> DESCRIPTION OF THE TASK
Don't include any picture when you restate the data word for word.

> SUPPLIED INFORMATION

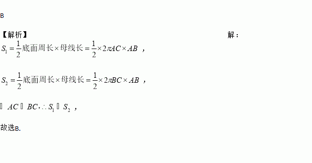如图,在△ABC中,∠C =90°,AC>BC,若以AC为底面圆的半径,BC为高的圆锥的侧面积为S1,若以BC为底面圆的半径,AC为高的圆锥的侧面积为S2 ,则( )
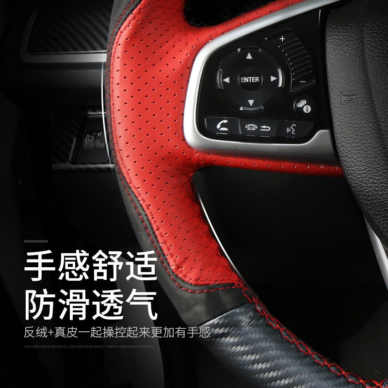 Suitable for the 10th generation Civic steering wheel cover Honda 16-20 Civic hand-sewn leather handle cover interior modification
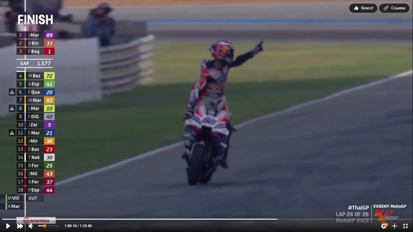 За второе место развернулась борьба между Лука Марини (VR46 Ducati) и Брэдом Биндером (заводская KTM), из которой вышел победителем именно представитель KTM.
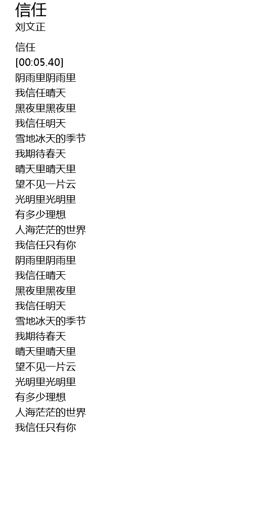 | [00:15.17] | wǒ xìn rèn qíng tiān |

> EXERCISE RESPONSE
如图,在△ABC中,∠C =90°,AC>BC,若以AC为底面圆的半径,BC为高的圆锥的侧面积为S1,若以BC为底面圆的半径,AC为高的圆锥的侧面积为S2 ,则( )
 Suitable for the 10th generation Civic steering wheel cover Honda 16-20 Civic hand-sewn leather handle cover interior modification
 За второе место развернулась борьба между Лука Марини (VR46 Ducati) и Брэдом Биндером (заводская KTM), из которой вышел победителем именно представитель KTM.
 | [00:15.17] | wǒ xìn rèn qíng tiān |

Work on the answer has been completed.